Sunday 11 May 2014

She is very ambitious


Happy Sunday!

I am in Luxembourg today, so I prepared a little – maybe revolutionary? – post for you. Let me know if you like those kinds of ideas and what you think about the topic. Enjoy your weekend!

"She is very ambitious" is not a compliment in our culture.

In all job interviews I have taken so far, my interlocutor asked me at one point what I consider as my strengths. Without hesitating, I generally stated "I am pretty ambitious", always thinking that it had a pretty positive connotation. After having read "Lean In" by Sheryl Sandberg lately, I keep re-thinking some of her assumptions. Let me stick to this quote that concerned me the most: I am ambitious. Since my early childhood, I have been playing tennis in a competitive environment, had to deal alone with victories and defeats. In school I always wanted to get the best grades and this behaviour hasn’t changed during college. Yes, ambition is certainly one of my values that I especially inherited from my Dad who was a competitive athlete. But it was thanks to my mother and my so-relaxed brother that I always could lean on an antipole that avoided me slipping into an abnormal ambition.
Since I met one of my best friends, I consider myself as moderately ambitious because she truly is. Many people in our university don’t understand why she now completes an internship in an investment bank, sleeps only a couple of hours a night and even goes to the office on weekends. They always say ‘She is very ambitious’ or even ‘She is too ambitious’ – and don’t mean it in a positive way. I am not saying that I would have chosen the same path as she did but I admire her will, her ambition. Let me even say that she will be a CEO one day.
Let’s now take a guy who would do his internship in the same company – he also would be considered as very ambitious. But a man being ambitious, that sounds great, doesn’t it? He knows what he wants to reach in his life, he knows where he wants to go.

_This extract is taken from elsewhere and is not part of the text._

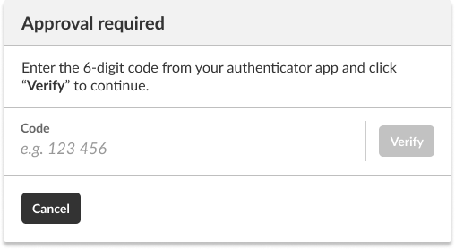The Approval required modal allows you to enter a 6-digit code to approve the change. Refer to your existing authenticator app for the code to enter here.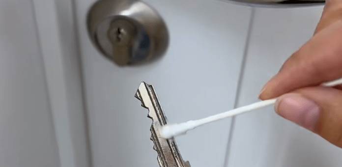 只需用棉簽取一點凡士林,均勻地塗抹在鑰匙軌道和鑰匙孔上,等待30秒後就可以使用鑰匙開鎖了。

You see the ambiguity. My friend – or let’s take even me to a lesser extent -, we also know where we want to go and therefore we work hard, keep being ambitious and endure in order to reach our goals. And I keep stating it as one of my strenghts since it is one.

Although I don’t agree with all statements given in Sandberg’s book (we can discuss about it openely if you’d wish), I – as a young female business student – see the choice to either stick to rigid role models or to change the perception. I chose the last one and hope that a lot of others, you for instance, will do the same. You don’t necessarily have to read Sandberg’s book to be aware of issues that (business) woman still face, but speaking of myself I needed the kick, something written black on white, although I face the fact every day while working on a storey with 75% of men.

Have some of you read the book? What to you think of this gender discussion?